Llegas cansada. Abres el teléfono “solo un minuto”. Se te va media hora. Te acuerdas del hábito que empezaste con fuerza el 1 de enero… y te da flojera hasta pensarlo.

No fallaste. Solo no tenías un plan mínimo para un día normal.
No te faltaba motivación. Te faltaba estructura.

Por eso la pregunta de los 10 años importa tanto. Porque no habla de tu mejor día. Habla de tus hábitos.

La pregunta antes de la meta

Antes de preguntarte «¿qué quiero lograr este año?», hay otra pregunta más importante: ¿Para qué estoy viviendo?

No es una pregunta filosófica para quedar bien. Es práctica.
Porque si no sabes para qué estás viviendo, tus metas se vuelven prestadas: lo que se ve bien, lo que otros aplauden, lo que “deberías” querer, lo que suena impresionante.

Aristóteles lo llamaba telos: el fin hacia el cual todo lo demás se ordena. Para él, una vida buena no era una vida llena de logros, sino una vida orientada hacia lo esencial. Y lo esencial no se descubre por accidente. Se descubre por reflexión.

Leonardo Polo lo expresaba de otra manera: el ser humano es crecimiento irrestricto. Estamos hechos para crecer, dar, trascender. Pero el crecimiento sin dirección no es crecimiento: es solo movimiento.
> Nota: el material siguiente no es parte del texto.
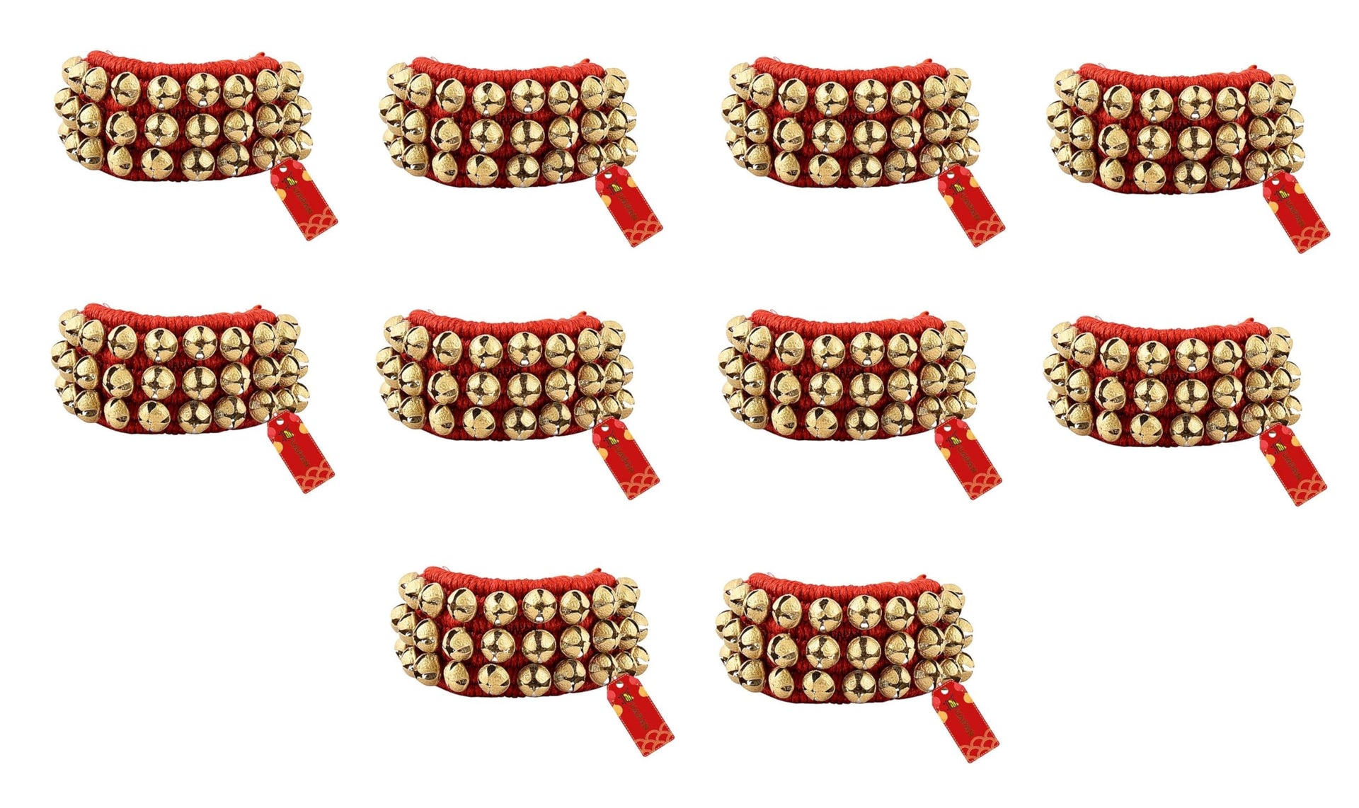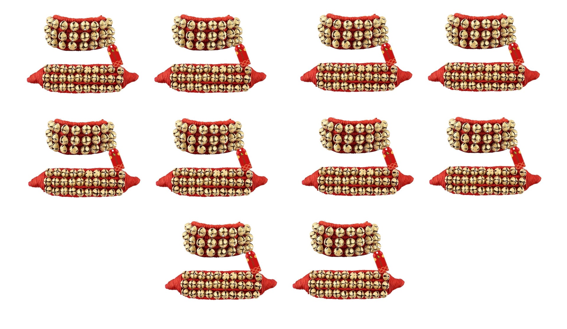 UAPAN Brass Ghungroo Anklets Bells For Women I 3 Line Pad I Red I 10 Pair I Perfect for traditional Indian dance

El vacío que las metas no llenan

Frankl llamó “vacío existencial” a esa sensación de apatía o desorientación que aparece cuando la vida pierde sentido. Y es más común de lo que creemos.

Puedes lograr todo lo que te propusiste y aun así sentir que falta algo.
Puedes cumplir tus resoluciones y llegar a diciembre con una pregunta que duele:

“¿Y esto era todo?”

Por eso vuelvo a mi pregunta favorita —la que uso para planificar y la que incluyo en el Daily Journal que he refinado por cinco ediciones— porque no te deja escaparte:

Si repito este mes durante 10 años… ¿adónde me lleva? ¿Y es ahí donde quiero estar?

Esa pregunta te saca del día y te obliga a ver el patrón. Y muchas veces la respuesta honesta es:
“No. Esto no me lleva a donde quiero ir.”

Esa incomodidad —la buena— es el inicio del cambio real.

Porque las metas responden una pregunta táctica: ¿qué voy a hacer?
El propósito responde una más profunda: ¿quién voy a ser?

El “cómo” que sostiene tu “por qué”: un sistema en 3 capas

Después de años probando métodos, llegué a una conclusión: las metas sueltas no funcionan. Lo que funciona es un sistema que conecte lo que haces hoy con la persona que quieres ser a largo plazo.

1) Norte: Visión de vida y propósito
Antes de cualquier meta anual, necesitas claridad sobre tus valores, tu dirección y lo que significa para ti “una buena vida”. No lo que significa para tu jefe, tus padres o Instagram. Para ti.
Aquí entran tus dones, tus pasiones y tus metas de largo plazo (15 años, 5 años), y esas metas de “algún día” que guardas en silencio.

2) Ruta: Sistema anual y trimestral
Con tu visión clara, haces una pregunta potente:
¿Qué quiero que sea verdad sobre mí cuando termine diciembre?
Luego, cada trimestre haces zoom out: revisas, reenfocas y eliges 1 a 3 acciones que realmente importan para los próximos 90 días. No diez. Tres, como máximo.

3) Paso de hoy: Práctica diaria
La visión sin acción es fantasía. Por eso necesitas un espacio diario simple:

  • gratitud (te ancla),

  • una acción concreta (te mueve),

  • una afirmación de identidad (“Yo soy…”) (te recuerda quién estás practicando ser),

  • y una revisión al final del día (te enseña).

No necesitas una hora. Necesitas 10 minutos de intención.

Este sistema en tres capas —norte, ruta y paso de hoy— es la estructura del Living with Purpose · Daily Journal for 2026: visión de vida, planificación anual y trimestral, y 365 páginas diarias. Todo en un PDF hiperlinked para moverte con un toque entre tu visión, tu plan, tus trimestres y tu día. (Porque si es difícil de usar, no se usa.)

Del propósito al plan

Cuando tu propósito está claro, tus metas cambian de naturaleza. Dejan de ser deseos sueltos y se convierten en vehículos de sentido.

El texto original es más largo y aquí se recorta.